***** INFORMATION PROVIDED *****

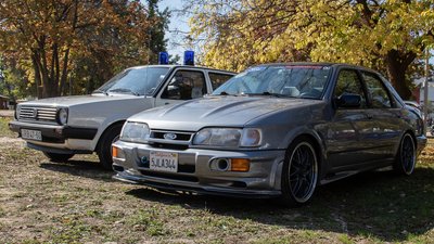 Ford Sierra RS Cosworth. A kaliforniai rendszám furcsa, de mindegy is, hisz ez nem gyári amúgy sem. Az a Golf rendőrautó biztos nem érné utol, ám így is remek darab
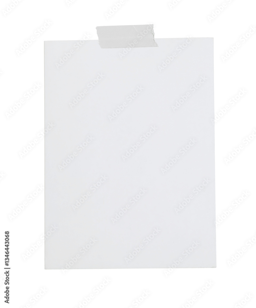 Empty note paper mockup. Message reminder, greeting card invitation template isolated on transparent background. White paper texture. Grunge ripped grey adhesive washi tape. Business office stationery
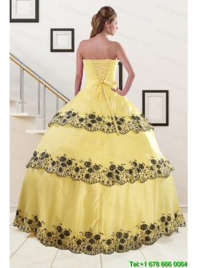 2015 Light Yellow Quinceanera Dress with Appliques and Ruffled Layers
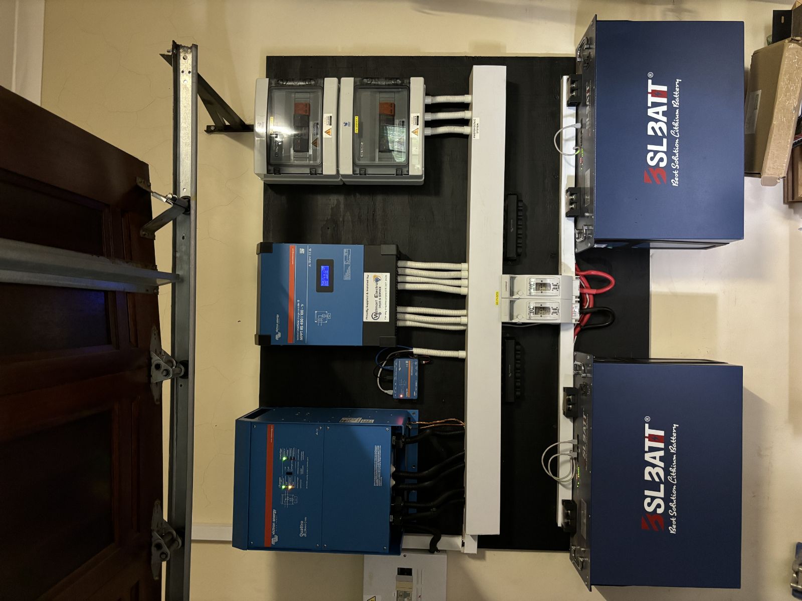 10kW Solar System featuring 6 lithium batteries, 25 solar panels, and an inverter system, offering energy efficiency and cost savings.
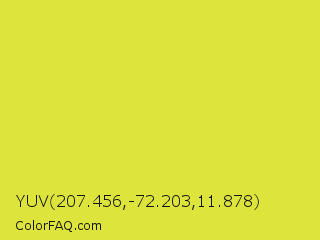 YUV 207.456,-72.203,11.878 Color is a normal yellow color and the nearest color is Pear #d1e231. Hex code #dde53d and RGB value is rgb(221,229,61). In RGB color space, this color is composed of 87% red, 90% green, 24% blue, In CMYK color space, this color is composed of 3% cyan, 0% magenta, 73% yellow , 10% black , In HSL color space, this color has a hue angle of 63° , 76% saturation and 57% lightness.
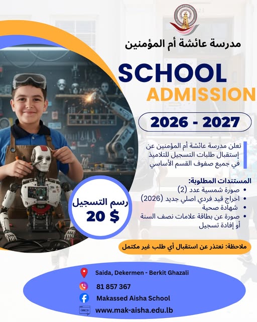 16 April تعلن مدرسة عائشة أم المؤمنين عن استقبال طلبات الطلاب الجدد في جميع صفوف المرحلة الأساسية Latest News Leave a comment

*****

• **REQUIRED WORK**: Give the lines above again exactly, from the one containing "Empty note paper" to the one containing "10kW Solar System", both included, but leave out the pictures.

• **OUTPUT BELOW**:
 Empty note paper mockup. Message reminder, greeting card invitation template isolated on transparent background. White paper texture. Grunge ripped grey adhesive washi tape. Business office stationery
 2015 Light Yellow Quinceanera Dress with Appliques and Ruffled Layers
 10kW Solar System featuring 6 lithium batteries, 25 solar panels, and an inverter system, offering energy efficiency and cost savings.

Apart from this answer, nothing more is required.